[[ Dataset content, beginning ]]

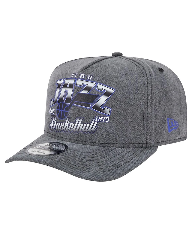 New Era Men's Charcoal Utah Jazz Throwback Washed Pre-Curved 9FIFTY Snapback Hat
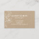 Estes cartões de visitas chicos e elegantes e minimalistas exaltam uma sensação de estilo e frescura sem complicações. Bonita em sua simplicidade, esse design apresenta um conjunto contemporâneo de fontes e elementos florais em branco nítido contra um fundo natural de artesanato. Com o texto opcional no verso, você pode personalizar com o slogan ou mais informações.
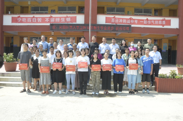 7月31日上午,我校在卫辉市庞寨乡中学举行卫辉灾区新生录取通知书发放仪式。校党委副书记陈广文出席仪式并讲话,卫辉市庞寨乡党委书记薛梦寒、乡长刘顺峰、我校相关部门负责人、相关学院党委副书记、卫辉籍新生代表与家长代表70余人参加了发放仪式。仪式由招生办公室主任康海军主持。

[[ Dataset content, end ]]

■ **Your task**
The output is the data above, repeated exactly, with pictures omitted.

■ **Response below**
 New Era Men's Charcoal Utah Jazz Throwback Washed Pre-Curved 9FIFTY Snapback Hat
 Estes cartões de visitas chicos e elegantes e minimalistas exaltam uma sensação de estilo e frescura sem complicações. Bonita em sua simplicidade, esse design apresenta um conjunto contemporâneo de fontes e elementos florais em branco nítido contra um fundo natural de artesanato. Com o texto opcional no verso, você pode personalizar com o slogan ou mais informações.
 7月31日上午,我校在卫辉市庞寨乡中学举行卫辉灾区新生录取通知书发放仪式。校党委副书记陈广文出席仪式并讲话,卫辉市庞寨乡党委书记薛梦寒、乡长刘顺峰、我校相关部门负责人、相关学院党委副书记、卫辉籍新生代表与家长代表70余人参加了发放仪式。仪式由招生办公室主任康海军主持。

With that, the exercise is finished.